Ce qui était dans les années 1980 une pratique réservée aux professions commerciales et aux dirigeants des entreprises cotées en Bourse est aujourd’hui étendu à toutes les fonctions, dans tous les secteurs (santé, social, enseignement…) Tout le monde évalue tout, tout le temps et quelle que soit sa position.

Quelles conséquences a cette évaluation à outrance pour les salariés ?

On a vendu l’évaluation aux salariés en s’appuyant sur des valeurs de reconnaissance de l’effort individuel et de mérite. On lui a même attribué un rôle majeur dans la détermination des rémunérations. Or c’est tout l’inverse qui se produit. En passant à une quantification à outrance sans tenir compte de la dimension qualitative, on aboutit à des comportements déviants et contre-performants chez les salariés qui vont tricher pour rentrer dans la grille ou qui vont focaliser leur travail uniquement sur ce qui est évalué. Sans compter que l’individualisation de l’évaluation met les gens en compétition et finit par détruire toute notion de collectif de travail.
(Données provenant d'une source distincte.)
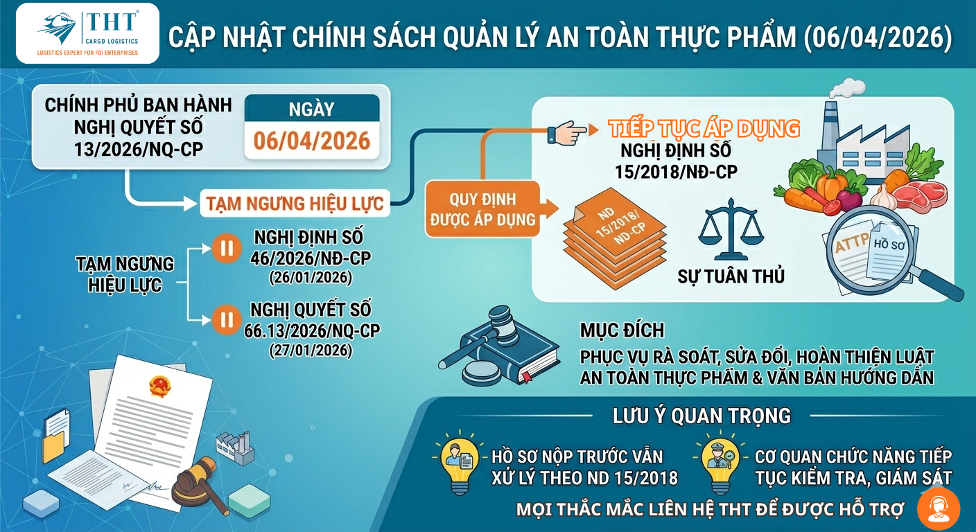 CẬP NHẬT CHÍNH SÁCH AN TOÀN THỰC PHẨM: TẠM NGƯNG HIỆU LỰC MỘT SỐ QUY ĐỊNH MỚI Ngày 06/04/2026, Chính phủ đã ban hành Nghị quyết số 13/2026/NQ-CP về việc tạm ngưng hiệu lực một số quy định liên quan đến quản lý an toàn thực phẩm. Đây là cập nhật quan trọng mà doanh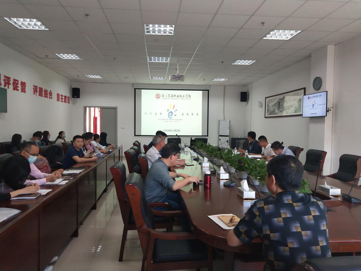 11月8日至14日是2020年全国职业教育活动周。本次活动周的主题是“人人出彩,技能强国”。为大力弘扬劳动光荣、技能宝贵、创造伟大的时代风尚,进一步营造全社会关心支持职业教育的良好氛围,新葡的京官网于2020年11月6日在思源楼一楼会议室开展职业教育活动周会议。全体教务处人员、全体质管办人员、信息与实训管理中心、各二级院正副院长、院长助理及教学秘书参加了会议。

Et pourtant, on en redemande… Quels sont les ressorts psychiques qui nous poussent à vouloir être évalués ?

Effectivement, c’est un vrai paradoxe, car l’évaluation ne se développe pas sans notre complicité. Être évalué vient flatter notre narcissisme, nous pensons en avoir besoin pour être reconnus, voire pour nous poser en modèle par rapport à l’autre. Derrière, il y a la promesse de la reconnaissance. L’évaluation est toujours provisoire, remise en cause d’une mission à l’autre. Mais la vérité, c’est que notre soif de reconnaissance n’est jamais apaisée avec l’évaluation qui nous fragilise sans cesse.